Using a simple SELECT query is - in my opinion - quite reliable. Most of all it can check table existence in many different database types (SQLite / MySQL).
SELECT 1 FROM table;
It makes sense when you can use other reliable mechanism for determining if the query succeeded (for example, you query a database via QSqlQuery in Qt).
The most reliable way I have found in C# right now, using the latest sqlite-net-pcl nuget package (1.5.231) which is using SQLite 3, is as follows:
var result = database.GetTableInfo(tableName);
if ((result == null) || (result.Count == 0))
{
database.CreateTable<T>(CreateFlags.AllImplicit);
}
The function dbExistsTable() from R DBI package simplifies this problem for R programmers. See the example below:
library(DBI)
con <- dbConnect(RSQLite::SQLite(), ":memory:")
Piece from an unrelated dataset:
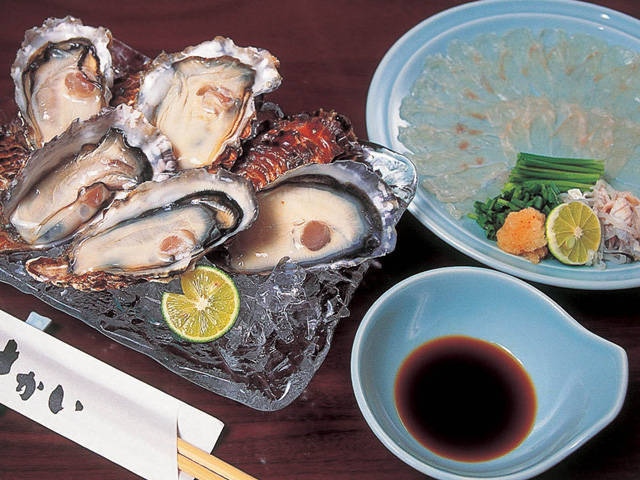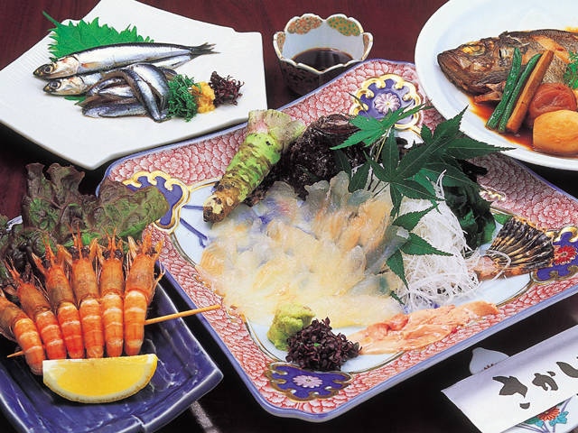 オダギリジョーのコマーシャルが撮影された料亭旅館。透明で爽やかな甘みのオコゼの薄造りは極上の味。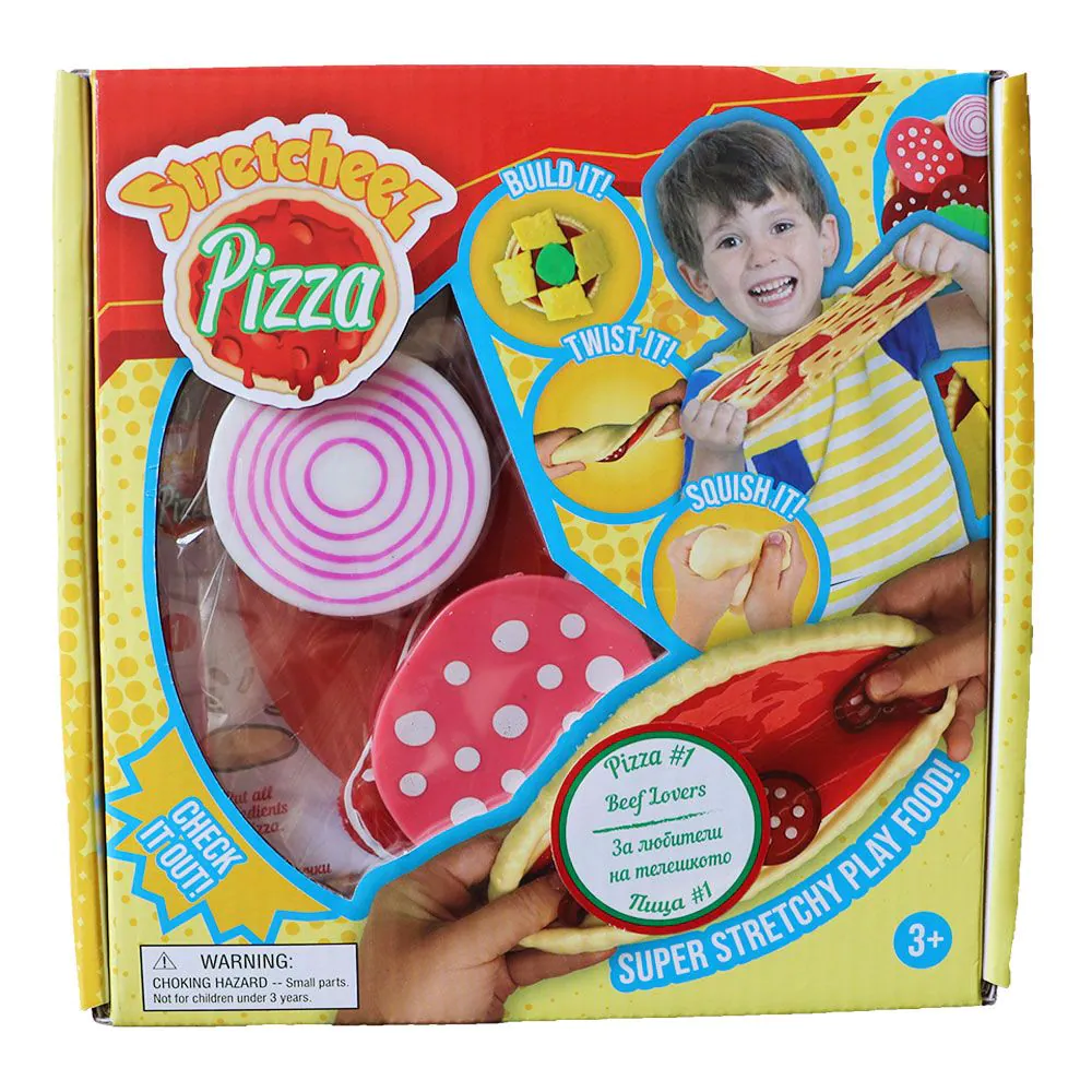 Разтеглива играчка Stretcheez Pizza е забавна, цветна и много ще се хареса на вашето дете. С нея то ще тренира фината си моторика и много ще се забавлява. В кутията има 5 продукта за приготвяне на пица.

# let us check if table iris exists in the database
dbExistsTable(con, "iris")
### returns FALSE
# now let us create the table iris below,
dbCreateTable(con, "iris", iris)
# Again let us check if the table iris exists in the database,
dbExistsTable(con, "iris")
### returns TRUE
I thought I'd put my 2 cents to this discussion, even if it's rather old one..
This query returns scalar 1 if the table exists and 0 otherwise.
select
case when exists
(select 1 from sqlite_master WHERE type='table' and name = 'your_table')
then 1
else 0
end as TableExists
My preferred approach:
SELECT "name" FROM pragma_table_info("table_name") LIMIT 1;
If you get a row result, the table exists. This is better (for me) then checking with sqlite_master, as it will also check attached and temp databases.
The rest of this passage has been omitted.